*WORK ORDER:* Word for word, restate the lines of the data below between those holding "Eltern: Wilhelm Hubert" and "Guests can start", inclusive; pictures do not belong in the copy.

*DATA TO USE:*
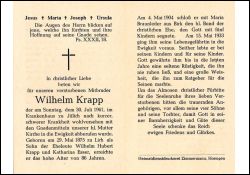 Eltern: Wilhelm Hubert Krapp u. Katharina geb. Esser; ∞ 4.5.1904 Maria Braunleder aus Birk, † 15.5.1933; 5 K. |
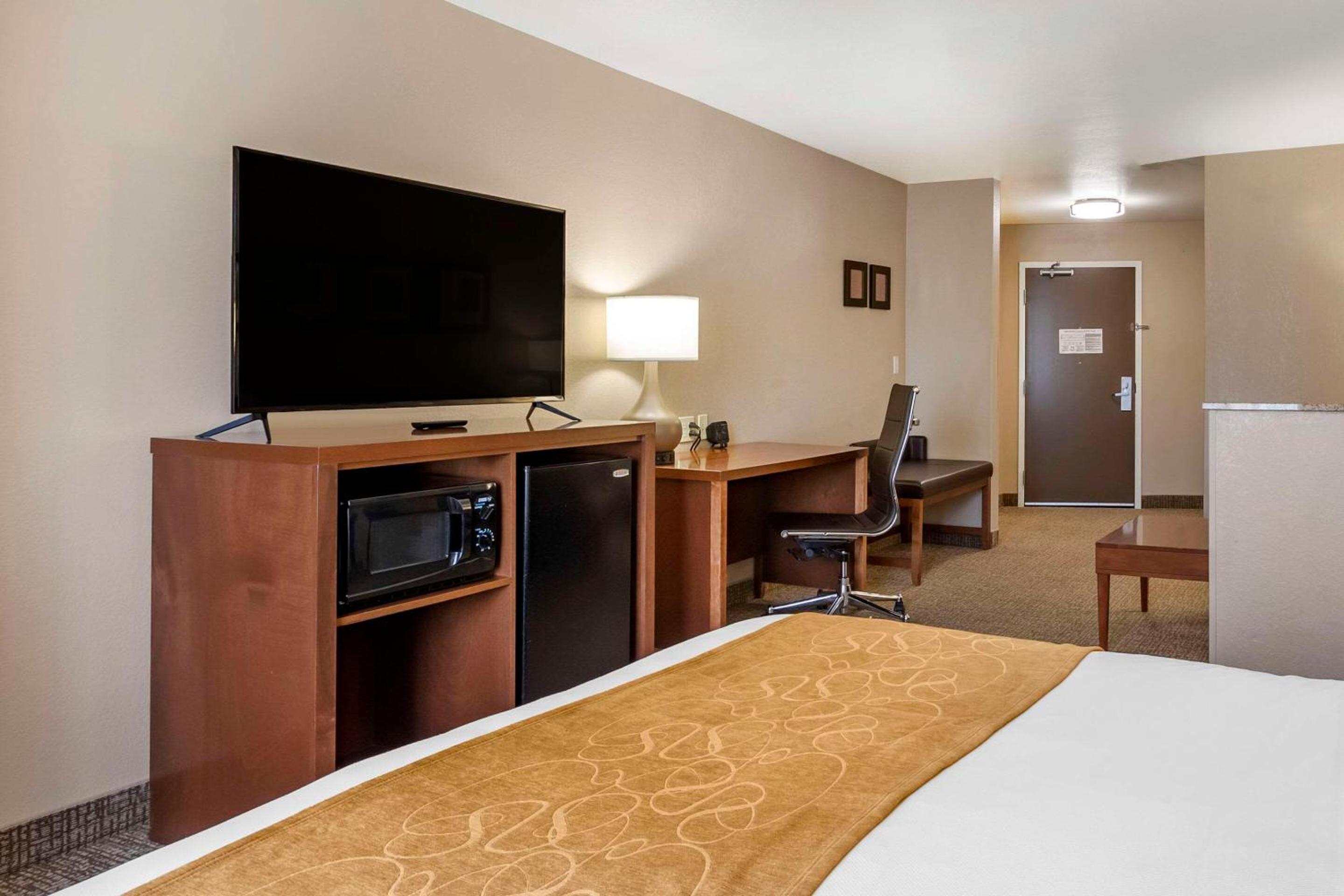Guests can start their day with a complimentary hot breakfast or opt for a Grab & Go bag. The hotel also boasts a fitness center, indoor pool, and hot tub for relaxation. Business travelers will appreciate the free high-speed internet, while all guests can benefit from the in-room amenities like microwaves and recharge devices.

...

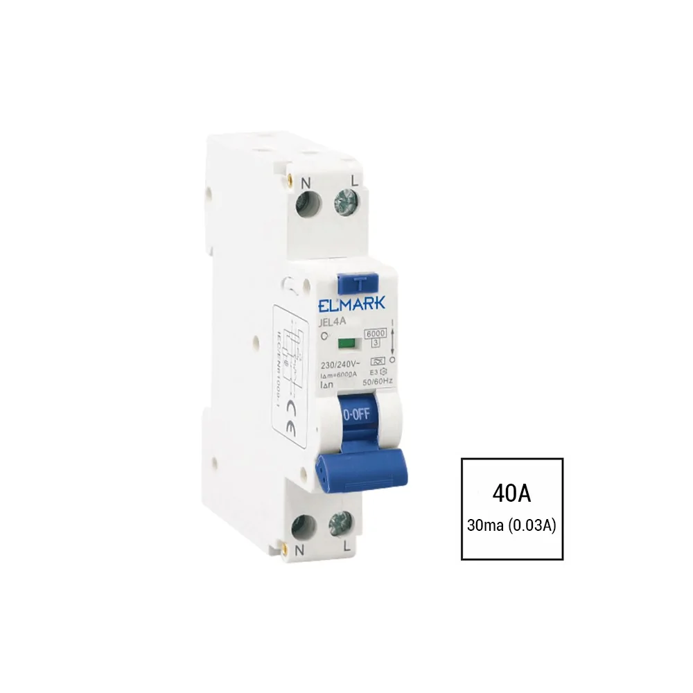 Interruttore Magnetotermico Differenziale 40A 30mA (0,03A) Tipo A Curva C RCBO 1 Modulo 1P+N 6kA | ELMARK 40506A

*WRITTEN REPLY:*
 Eltern: Wilhelm Hubert Krapp u. Katharina geb. Esser; ∞ 4.5.1904 Maria Braunleder aus Birk, † 15.5.1933; 5 K. |
Guests can start their day with a complimentary hot breakfast or opt for a Grab & Go bag. The hotel also boasts a fitness center, indoor pool, and hot tub for relaxation. Business travelers will appreciate the free high-speed internet, while all guests can benefit from the in-room amenities like microwaves and recharge devices.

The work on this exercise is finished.